*** Block opens ***

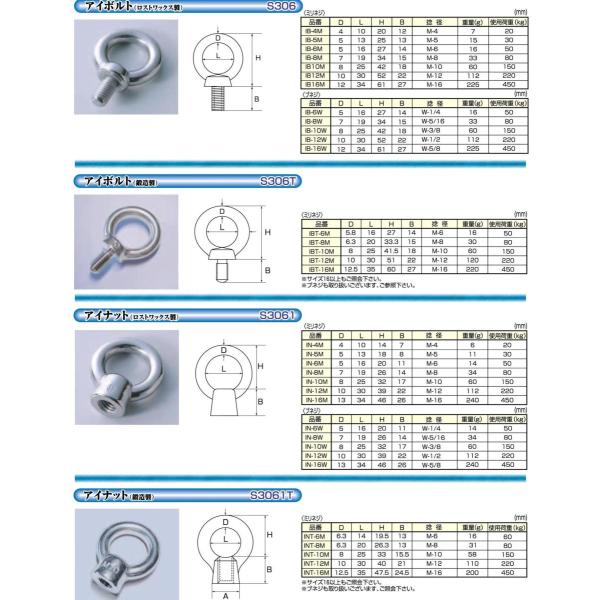 アイナット(ロストワックス製) IN-12W(ブネジ)材質 SUS304参考使用荷重 220kg信頼製の高いひめじや製
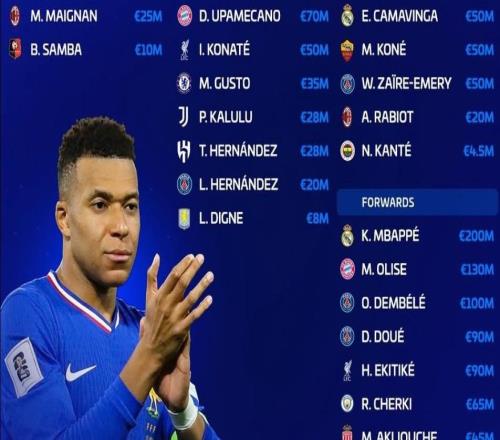 新一期法国队身价榜:姆巴佩、奥利塞前2,26人总身价14.3亿
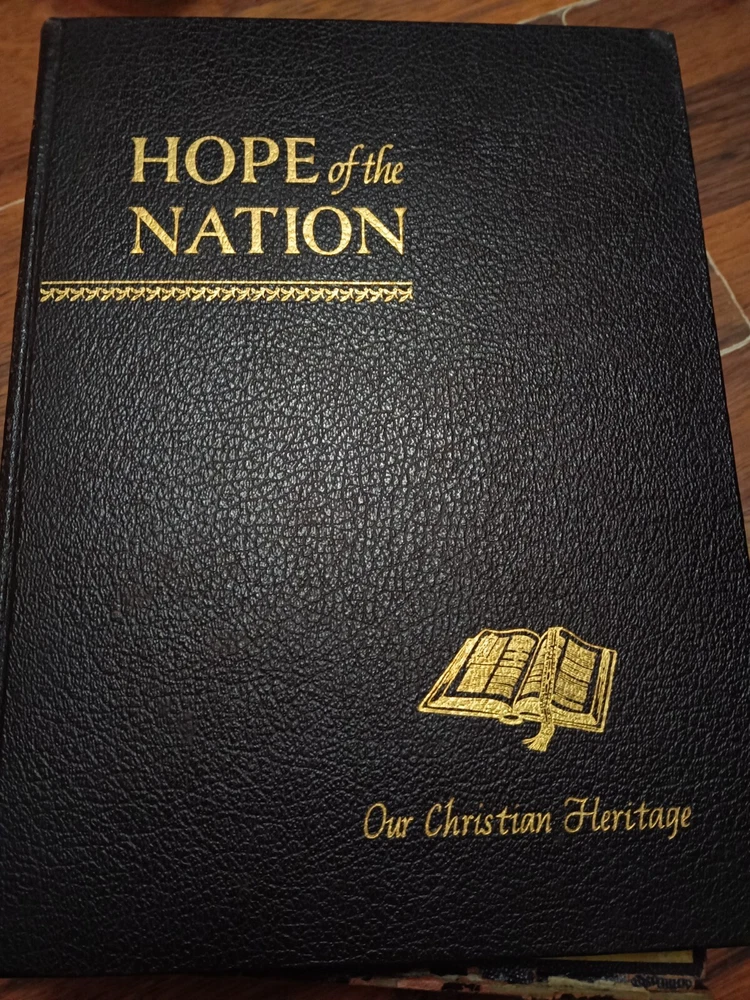 This leather-bound set titled "Hope of The Nation: Our Christian Heritage And Our American..." is a luxurious and limited collector's edition from Goodwill publish. Published in the United States in 1952, the set includes Americana-themed books written by authors Nelson Beecher Keyes and Edward Felix Gallagher. The books are illustrated by various artists and are part of a special edition set that celebrates Christian and American heritage, making it a valuable addition to any collection focused on these topics. Sticker damage but this was published in 1952. Mint condition. Leather bound.
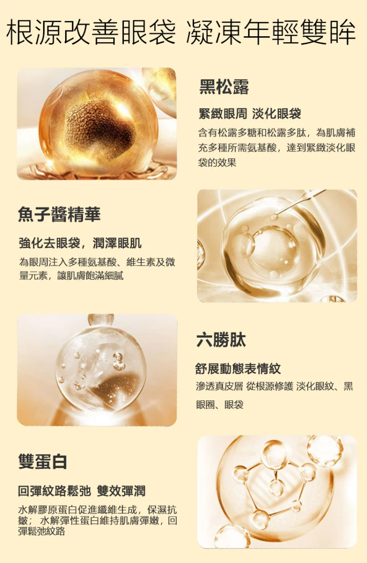 15分鐘前Kevin老師強烈推薦醫美級【黃金煥顏緊緻眼膜】 裹有黑松露、魚子醬、六勝肽等專櫃等級去眼袋成分,28天有效緊緻眼周去眼袋,限時搶購,售完恢復一盒1399!!! - 限時特價】買二送二僅需1690
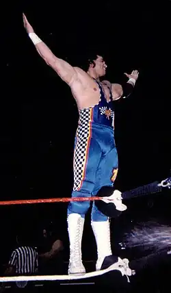 Holly returned to the WWF on January 11, 1994.[4] His initial gimmick was that of a NASCAR driver turned wrestler called Thurman "Sparky" Plugg,[4][3] by late summer 1994, Holly changed his name to Bob "Spark Plugg" Holly, according to Holly, he went to Vince McMahon and asked him to change his name because he didn't like the "Thurman" name and that his friends and family were teasing him over the name but wanted to keep the NASCAR gimmick and McMahon agreed.[11][12] He competed in the 1994 Royal Rumble match, lasting over 21 minutes.
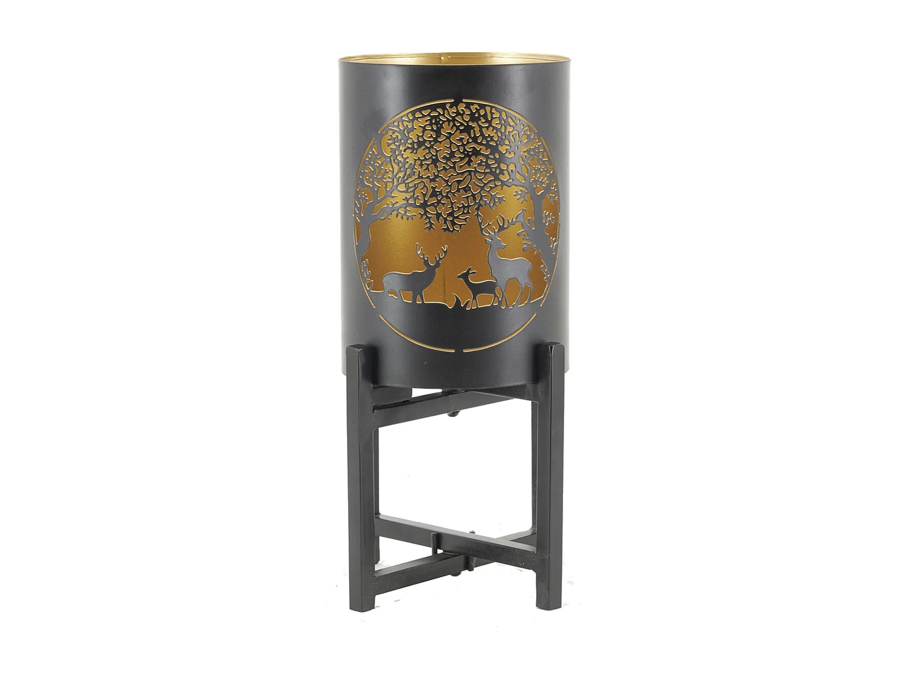 Lanternes en métal laqué noir carrée motif feuilles (Lot de 2)
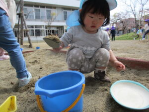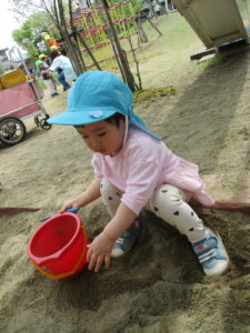 砂場ではスコップを使って砂をザクっとすくってみたり、バケツの中にサラサラと落としてみたり。
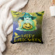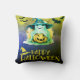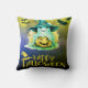 The colour palette of the pillow exudes the vibrant spirit of Halloween, with lively greens and blues coming together to create a sense of excitement and delight. This design captures the perfect balance between cuteness and festivity, celebrating Halloween as a time for spirited celebration.
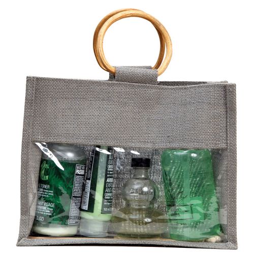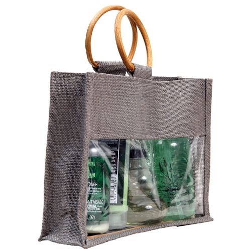 - Material: Dyed laminated jute (330 grams/metre ) with vinyl window
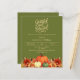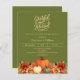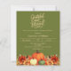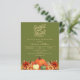 A moss green coloured background. Decorated with pumpkins and orange and yellow flowers. Personalise and add the party details.
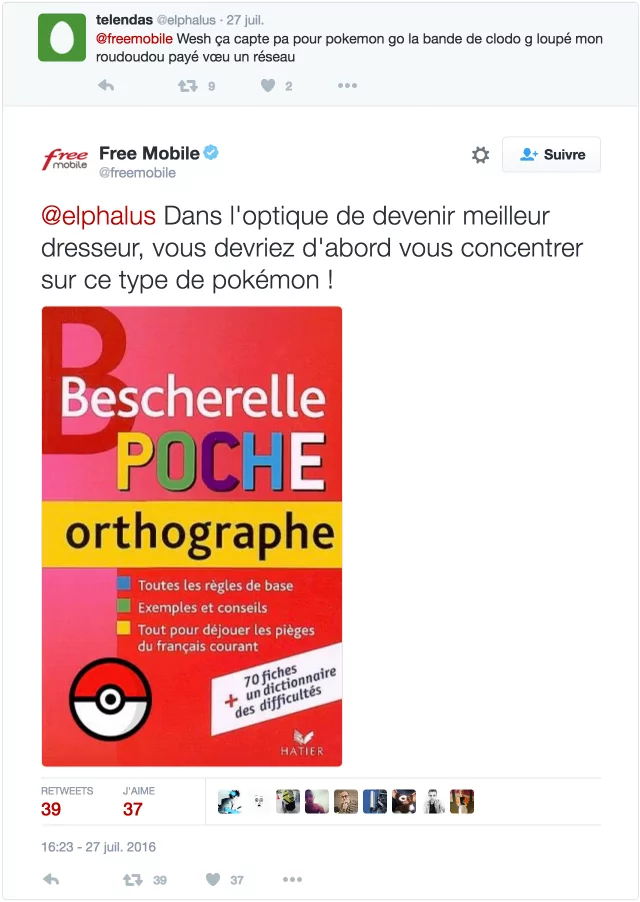 Clin d’oeil – Régulièrement les Community Manager des opérateurs sont soumis à des interpellations de leurs abonnés sur les réseaux sociaux pour le moins musclées. Insultes, vulgarités, tournures familières ou incompréhensibles, les CM des opérateurs doivent rester à tous instants réactifs et pertinents. Il leur arrive parfois de sortir quelques pépites comme le rapporte aujourd’hui « Bescherelle ta mère ». Le CM de Free Mobile donne ainsi quelques conseils pour devenir le meilleur dresseur de Pokémon et maîtriser l’orthographe.
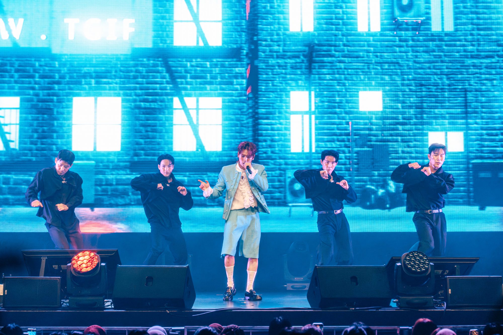 张东雨当晚以轻快歌曲《TGIF》、《Romeo》唱跳为演出掀开序幕,瞬间点燃全场热情,期间在大荧幕分享了许多自己私下日常行程的照片,一些毫无偶包行为让歌迷们多次捧腹大笑。他超融入大马文化,穿着一对拖鞋上街,后来遇上下雨,他竟然用塑料袋保护最重要的发型。
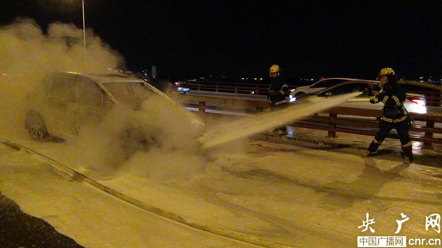 央廣網(wǎng)廈門8月21日消息(記者 陳庚 通訊員 陳榮亮 李嘉城)今晚19時25分許,廈門海滄大橋出島方向,一輛轎車在行駛中起火燃燒,汽車瞬間就少成了“火車”,所幸司機快速逃生,火災(zāi)沒有造成人員傷亡。事故發(fā)生時正值交通高峰期,橋面上車輛擁堵,廈門消防特勤一中隊官兵只得通過橋上的應(yīng)急車道趕赴事故現(xiàn)場。起火轎車在海滄大橋出島方向中段,消防官兵到達(dá)現(xiàn)場時,轎車已經(jīng)處于猛烈燃燒階段,車頭部分被大火籠罩,車廂內(nèi)也已經(jīng)被引燃,火勢已經(jīng)快燒到轎車右側(cè)油箱,整輛轎車成了“火車”,人員根本無法靠近,橋面上兩個車道被堵,大量汽車無法通行。根據(jù)現(xiàn)場情況,消防官兵對現(xiàn)場進行警戒,同時利用消防車出泡沫,向起火轎車噴射。10分鐘后,轎車的明火被撲滅。隨后,消防官兵將起火轎車的引擎蓋撬開,向發(fā)動機內(nèi)部射水冷卻。19時45分,火災(zāi)被完全撲滅。在事故現(xiàn)場約10米處,停著一輛轎車,據(jù)了解,起火轎車曾與前方車輛追尾,司機下車查看后,發(fā)現(xiàn)車頭冒煙起火,隨后很快蔓延燃燒。
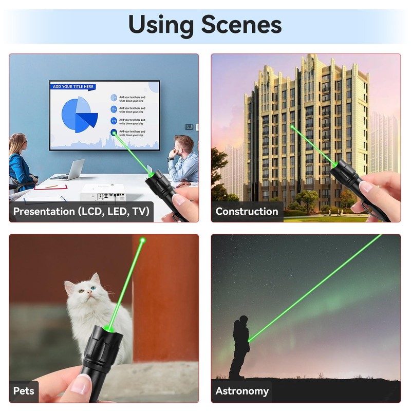 - [Starlight Pattern] Press down the star cap and rotate it to remove the star cap, then you can see a straight green light in the dark, and you can see different starlight patterns when you install the star cap. You can use it in many situations, such as construction sites, outdoor adventures, classrooms, meeting presentations, and other fun uses.[002]

*** Block closes ***

◆ **What you need to do**: Each record above must be set down again unchanged, with its pictures left out.

◆ **Exercise result**:
 アイナット(ロストワックス製) IN-12W(ブネジ)材質 SUS304参考使用荷重 220kg信頼製の高いひめじや製
 新一期法国队身价榜:姆巴佩、奥利塞前2,26人总身价14.3亿
 This leather-bound set titled "Hope of The Nation: Our Christian Heritage And Our American..." is a luxurious and limited collector's edition from Goodwill publish. Published in the United States in 1952, the set includes Americana-themed books written by authors Nelson Beecher Keyes and Edward Felix Gallagher. The books are illustrated by various artists and are part of a special edition set that celebrates Christian and American heritage, making it a valuable addition to any collection focused on these topics. Sticker damage but this was published in 1952. Mint condition. Leather bound.
 15分鐘前Kevin老師強烈推薦醫美級【黃金煥顏緊緻眼膜】 裹有黑松露、魚子醬、六勝肽等專櫃等級去眼袋成分,28天有效緊緻眼周去眼袋,限時搶購,售完恢復一盒1399!!! - 限時特價】買二送二僅需1690
 Holly returned to the WWF on January 11, 1994.[4] His initial gimmick was that of a NASCAR driver turned wrestler called Thurman "Sparky" Plugg,[4][3] by late summer 1994, Holly changed his name to Bob "Spark Plugg" Holly, according to Holly, he went to Vince McMahon and asked him to change his name because he didn't like the "Thurman" name and that his friends and family were teasing him over the name but wanted to keep the NASCAR gimmick and McMahon agreed.[11][12] He competed in the 1994 Royal Rumble match, lasting over 21 minutes.
 Lanternes en métal laqué noir carrée motif feuilles (Lot de 2)
 砂場ではスコップを使って砂をザクっとすくってみたり、バケツの中にサラサラと落としてみたり。
 The colour palette of the pillow exudes the vibrant spirit of Halloween, with lively greens and blues coming together to create a sense of excitement and delight. This design captures the perfect balance between cuteness and festivity, celebrating Halloween as a time for spirited celebration.
 - Material: Dyed laminated jute (330 grams/metre ) with vinyl window
 A moss green coloured background. Decorated with pumpkins and orange and yellow flowers. Personalise and add the party details.
 Clin d’oeil – Régulièrement les Community Manager des opérateurs sont soumis à des interpellations de leurs abonnés sur les réseaux sociaux pour le moins musclées. Insultes, vulgarités, tournures familières ou incompréhensibles, les CM des opérateurs doivent rester à tous instants réactifs et pertinents. Il leur arrive parfois de sortir quelques pépites comme le rapporte aujourd’hui « Bescherelle ta mère ». Le CM de Free Mobile donne ainsi quelques conseils pour devenir le meilleur dresseur de Pokémon et maîtriser l’orthographe.
 张东雨当晚以轻快歌曲《TGIF》、《Romeo》唱跳为演出掀开序幕,瞬间点燃全场热情,期间在大荧幕分享了许多自己私下日常行程的照片,一些毫无偶包行为让歌迷们多次捧腹大笑。他超融入大马文化,穿着一对拖鞋上街,后来遇上下雨,他竟然用塑料袋保护最重要的发型。
 央廣網(wǎng)廈門8月21日消息(記者 陳庚 通訊員 陳榮亮 李嘉城)今晚19時25分許,廈門海滄大橋出島方向,一輛轎車在行駛中起火燃燒,汽車瞬間就少成了“火車”,所幸司機快速逃生,火災(zāi)沒有造成人員傷亡。事故發(fā)生時正值交通高峰期,橋面上車輛擁堵,廈門消防特勤一中隊官兵只得通過橋上的應(yīng)急車道趕赴事故現(xiàn)場。起火轎車在海滄大橋出島方向中段,消防官兵到達(dá)現(xiàn)場時,轎車已經(jīng)處于猛烈燃燒階段,車頭部分被大火籠罩,車廂內(nèi)也已經(jīng)被引燃,火勢已經(jīng)快燒到轎車右側(cè)油箱,整輛轎車成了“火車”,人員根本無法靠近,橋面上兩個車道被堵,大量汽車無法通行。根據(jù)現(xiàn)場情況,消防官兵對現(xiàn)場進行警戒,同時利用消防車出泡沫,向起火轎車噴射。10分鐘后,轎車的明火被撲滅。隨后,消防官兵將起火轎車的引擎蓋撬開,向發(fā)動機內(nèi)部射水冷卻。19時45分,火災(zāi)被完全撲滅。在事故現(xiàn)場約10米處,停著一輛轎車,據(jù)了解,起火轎車曾與前方車輛追尾,司機下車查看后,發(fā)現(xiàn)車頭冒煙起火,隨后很快蔓延燃燒。
 - [Starlight Pattern] Press down the star cap and rotate it to remove the star cap, then you can see a straight green light in the dark, and you can see different starlight patterns when you install the star cap. You can use it in many situations, such as construction sites, outdoor adventures, classrooms, meeting presentations, and other fun uses.[002]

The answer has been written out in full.